## [DIRECTIONS]
All lines at and after the one containing "Voici une façon", up to the end of the listing below, are to be printed exactly, with the pictures omitted.

## [COLLECTED DATA]
-- Opening Marker --

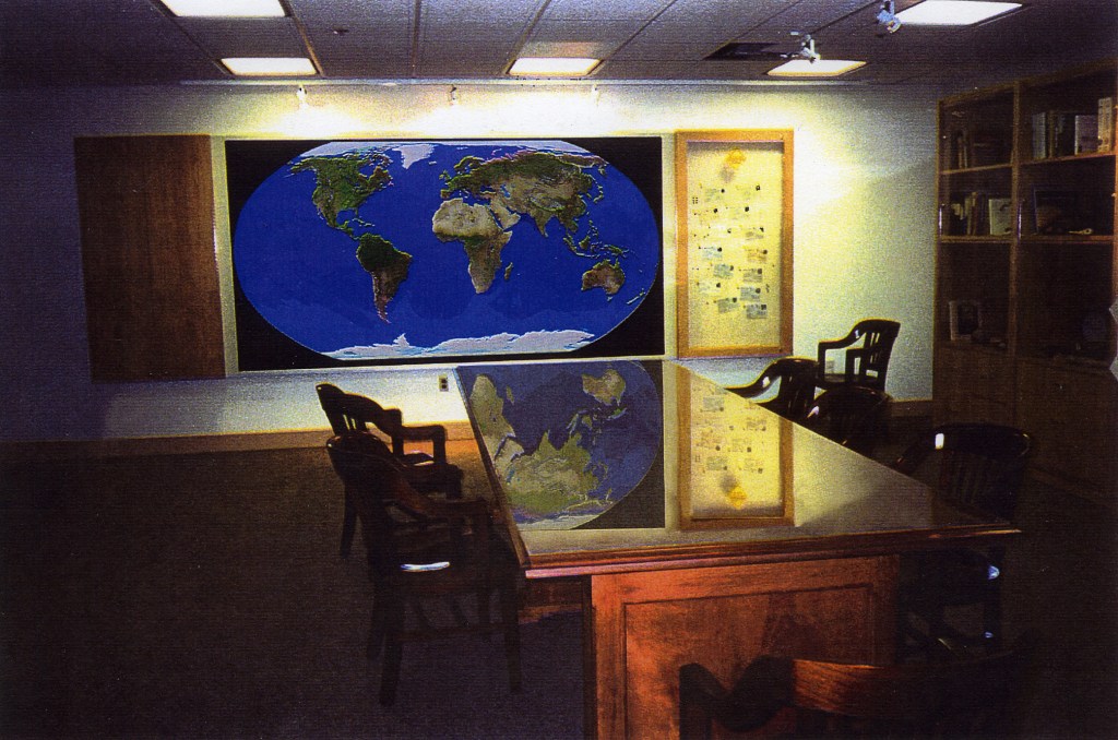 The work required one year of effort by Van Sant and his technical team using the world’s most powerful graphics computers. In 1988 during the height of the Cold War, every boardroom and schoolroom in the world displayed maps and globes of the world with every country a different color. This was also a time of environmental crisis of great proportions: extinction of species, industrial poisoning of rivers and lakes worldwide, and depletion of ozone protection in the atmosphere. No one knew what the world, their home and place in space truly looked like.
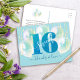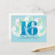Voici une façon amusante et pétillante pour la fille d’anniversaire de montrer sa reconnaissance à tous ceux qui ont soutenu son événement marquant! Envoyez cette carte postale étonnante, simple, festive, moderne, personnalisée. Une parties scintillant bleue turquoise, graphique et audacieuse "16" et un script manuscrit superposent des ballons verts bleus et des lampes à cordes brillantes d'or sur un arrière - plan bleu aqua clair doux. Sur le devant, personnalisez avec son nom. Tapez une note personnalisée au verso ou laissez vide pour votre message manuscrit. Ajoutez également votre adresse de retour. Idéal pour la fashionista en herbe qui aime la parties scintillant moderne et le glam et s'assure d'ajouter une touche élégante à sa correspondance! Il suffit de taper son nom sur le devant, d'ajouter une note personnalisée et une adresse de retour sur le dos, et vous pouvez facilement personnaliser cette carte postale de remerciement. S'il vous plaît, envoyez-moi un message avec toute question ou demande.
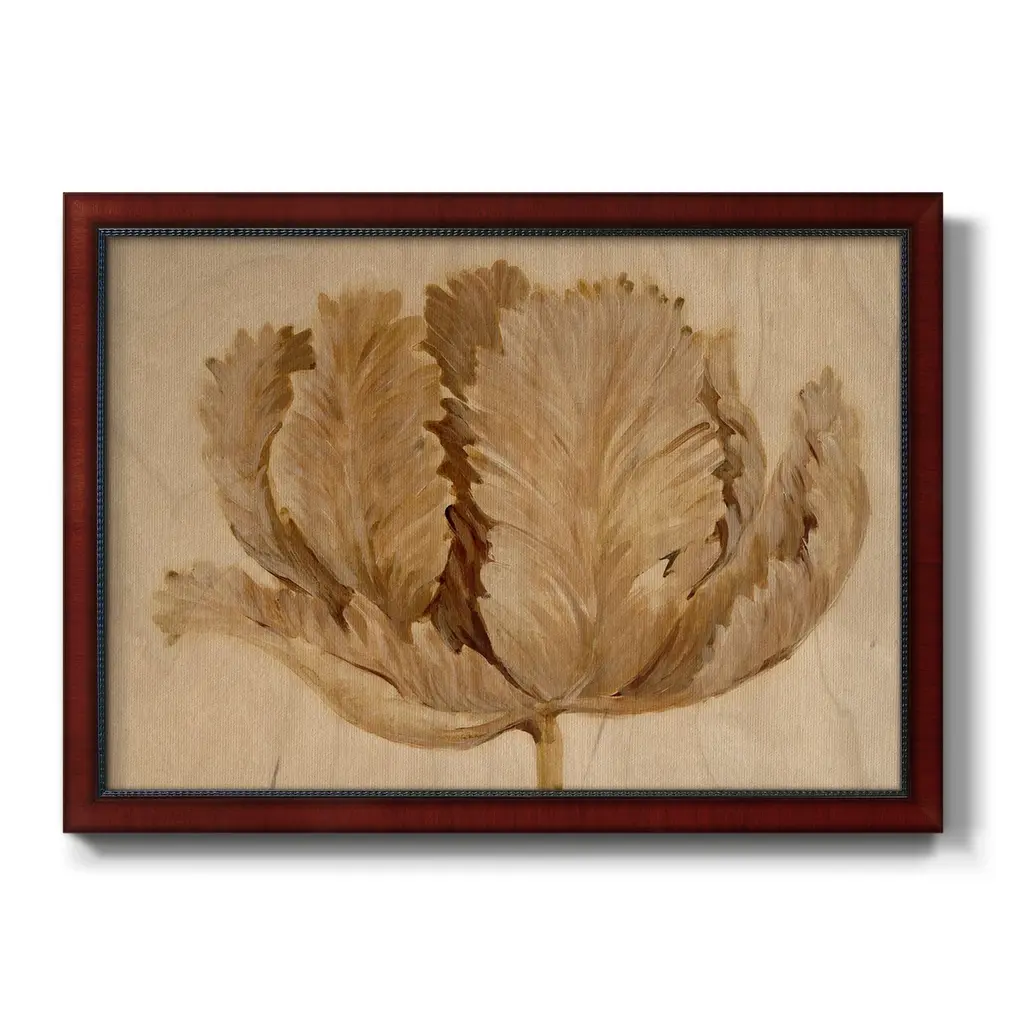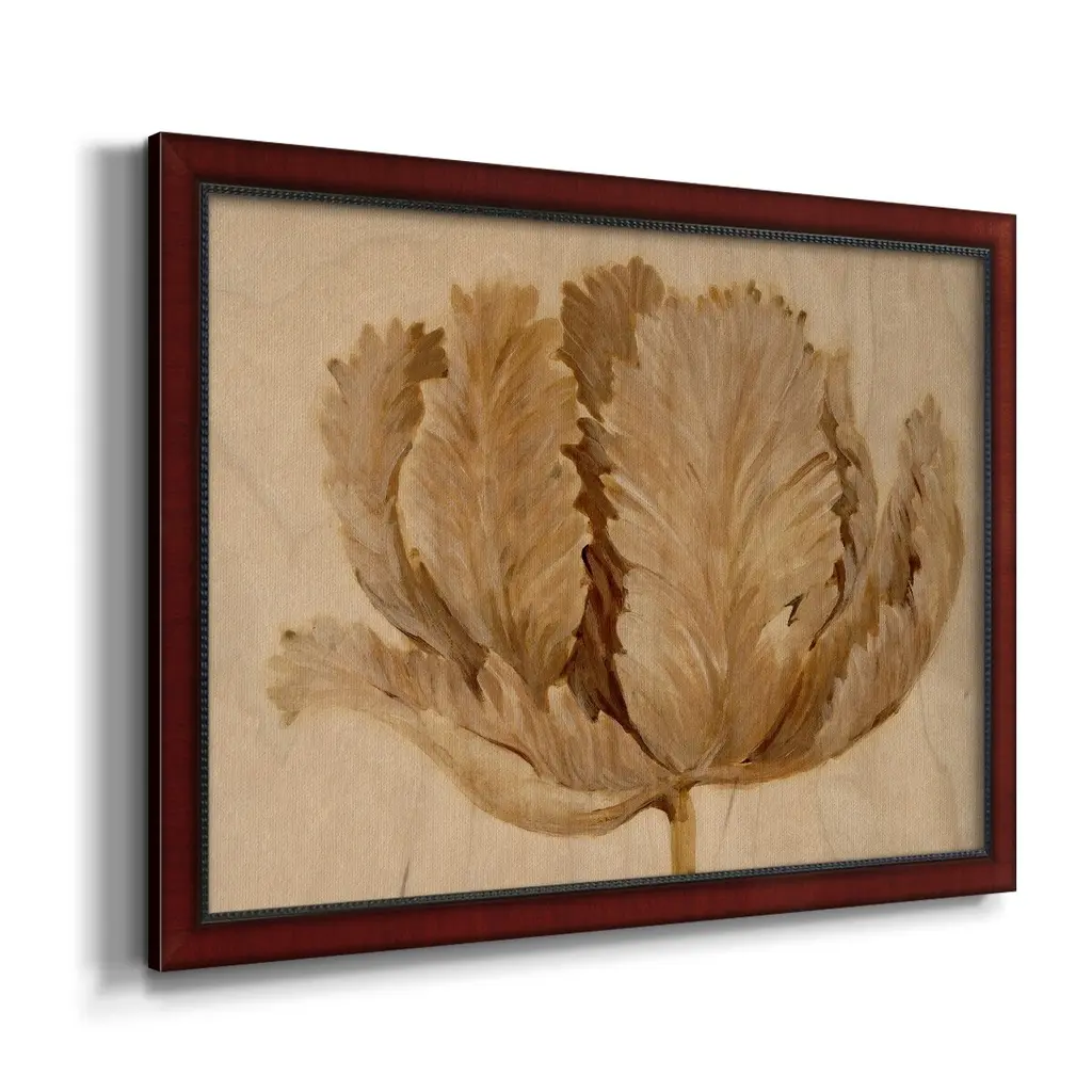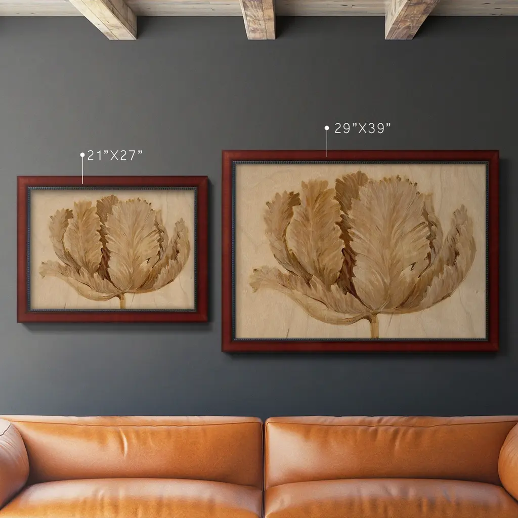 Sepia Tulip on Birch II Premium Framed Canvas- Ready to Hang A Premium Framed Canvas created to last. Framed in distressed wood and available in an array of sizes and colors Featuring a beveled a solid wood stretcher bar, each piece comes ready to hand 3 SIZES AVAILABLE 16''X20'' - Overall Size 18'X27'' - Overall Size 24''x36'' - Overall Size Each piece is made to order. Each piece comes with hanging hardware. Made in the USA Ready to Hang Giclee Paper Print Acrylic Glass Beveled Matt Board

-- Closing Marker --

## [EXERCISE OUTPUT]
Voici une façon amusante et pétillante pour la fille d’anniversaire de montrer sa reconnaissance à tous ceux qui ont soutenu son événement marquant! Envoyez cette carte postale étonnante, simple, festive, moderne, personnalisée. Une parties scintillant bleue turquoise, graphique et audacieuse "16" et un script manuscrit superposent des ballons verts bleus et des lampes à cordes brillantes d'or sur un arrière - plan bleu aqua clair doux. Sur le devant, personnalisez avec son nom. Tapez une note personnalisée au verso ou laissez vide pour votre message manuscrit. Ajoutez également votre adresse de retour. Idéal pour la fashionista en herbe qui aime la parties scintillant moderne et le glam et s'assure d'ajouter une touche élégante à sa correspondance! Il suffit de taper son nom sur le devant, d'ajouter une note personnalisée et une adresse de retour sur le dos, et vous pouvez facilement personnaliser cette carte postale de remerciement. S'il vous plaît, envoyez-moi un message avec toute question ou demande.
 Sepia Tulip on Birch II Premium Framed Canvas- Ready to Hang A Premium Framed Canvas created to last. Framed in distressed wood and available in an array of sizes and colors Featuring a beveled a solid wood stretcher bar, each piece comes ready to hand 3 SIZES AVAILABLE 16''X20'' - Overall Size 18'X27'' - Overall Size 24''x36'' - Overall Size Each piece is made to order. Each piece comes with hanging hardware. Made in the USA Ready to Hang Giclee Paper Print Acrylic Glass Beveled Matt Board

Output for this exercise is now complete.